Department of Computer Science and
Institute for LAnguage, Speech and Hearing,
University of Sheffield, UK
{hamish,diana,kalina,valyt,yorick}@dcs.shef.ac.uk

Abstract

GATE, a General Architecture for Text Engineering, aims to provide a software infrastructure for researchers and developers working in NLP. GATE has now been widely available for four years. In this paper, we review the objectives which motivated the creation of GATE and the functionality and design of the current system. We describe some of the ways in which GATE has been used during this time, and examine the strengths and weaknesses of the current system, identifying areas for improvement.

1  Introduction

This paper relates experiences in projects that have used GATE (General Architecture for Text Engineering) over the four years since its initial release in 1996.
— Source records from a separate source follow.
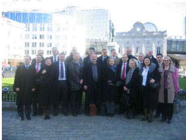
51 st Executive Board meeting, Brussels, 7 February 2008

http://www.ubc.net/today/51st-executive.html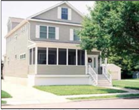
Approximately 2,350 sq. ft. — Two Story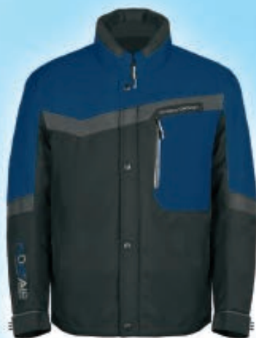
196124 220 Navy - S to 2XL

We begin in section 2 with some of the motivation behind this type of system, and then give a definition of architecture in this context (section 3). Section 4 briefly describes GATE; section 5 covers a range of projects that have used the system; and section 6 examines some additional ways in which GATE has been used. These experiences form the input to section 7, which discusses the system's strengths and weaknesses.

2  Motivation

If you're researching human language processing you should probably not be writing code to:

A Software Architecture for language processing should do all this for you. You will have to parameterise it, and sometimes deployment of your work into applications software will require some low-level fiddling for optimisation purposes, but in the main these activities should be carried out by infrastructure for the language sciences, not by each researcher in the field.
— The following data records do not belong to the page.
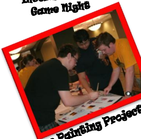
Class Painting Project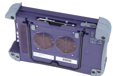
E6300 transport and fiber module carrier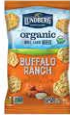
5oz Organic Buffalo Ranch Rice Cake Minis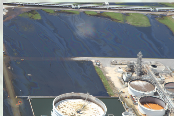
Shortly after Hurricane Isaac in August of 2012, GRN conducted flyovers revealing numerous leaks from oil, gas, and chemical facilities and infrastructure. Pictured is the Alliance refinery in Plaquemines Parish. Note the failed containment levee around the leaking storage tanks.

The BP drilling disaster highlighted the flawed process by which pollution discharges are reported and cleaned up, and through which polluters are held accountable. It revealed how the official channels of reporting and cleaning up pollution rely, to an inordinate degree, on the polluters themselves. Little information is made available to the public, and the information that is presented could be considered untrustworthy. GRN alone has filed over 50 reports of leaks with the National Response Center since 2010 and is pleased to be working with the Gulf Monitoring Consortium in the fight for a healthy Gulf.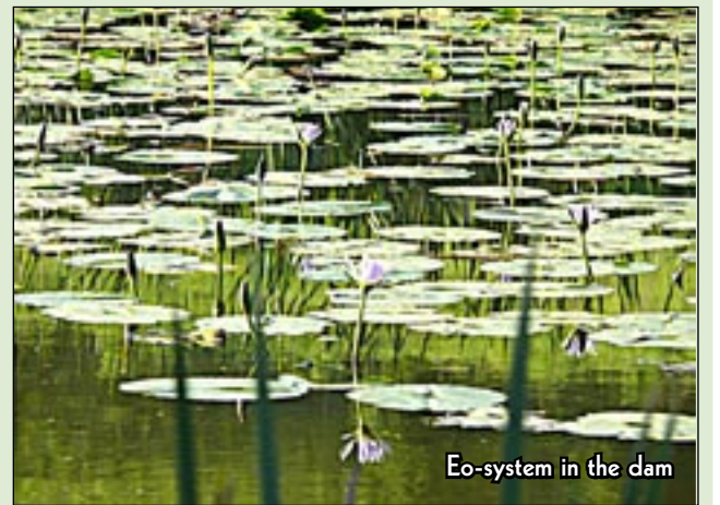
Eo-system in the dam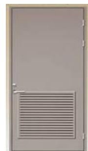
LOUVER PANEL BRAND: UAE & CHINA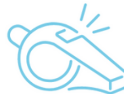
Whistle or loud hailer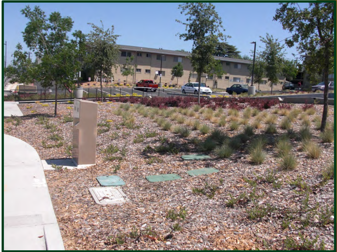
After: Parking lot for Sierra Oaks Apartments

We can go further and say that you shouldn't have to reinvent components and resources outside of your specialism if there is already something that could do the job. A statistician doesn't need to know the details of the IEEE Floating Point computation standard; a discourse processing specialist doesn't need to understand all the ins and outs of part-of-speech tagging (or worse still how to install a particular POS tagger on a particular machine).
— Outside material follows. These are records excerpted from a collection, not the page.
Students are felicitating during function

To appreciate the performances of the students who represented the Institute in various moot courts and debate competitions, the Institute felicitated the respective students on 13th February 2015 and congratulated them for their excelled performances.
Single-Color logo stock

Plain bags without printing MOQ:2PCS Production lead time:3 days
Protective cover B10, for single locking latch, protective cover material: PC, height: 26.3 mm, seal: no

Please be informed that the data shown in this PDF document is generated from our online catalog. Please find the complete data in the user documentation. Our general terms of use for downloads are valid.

If you're a professional mathematician, you probably regard a tool like SPSS or Mathematica as necessary infrastructure for your work. If you're a computational linguist or a language engineer, the chances are that large parts of your work have no such infrastructural support. Where there is infrastructure, it tends to be specific to restricted areas. GATE, a General Architecture for Text Engineering [ Cunningham et al. 1997], represents an attempt to fill this gap, and is a software architecture for language processing R&D.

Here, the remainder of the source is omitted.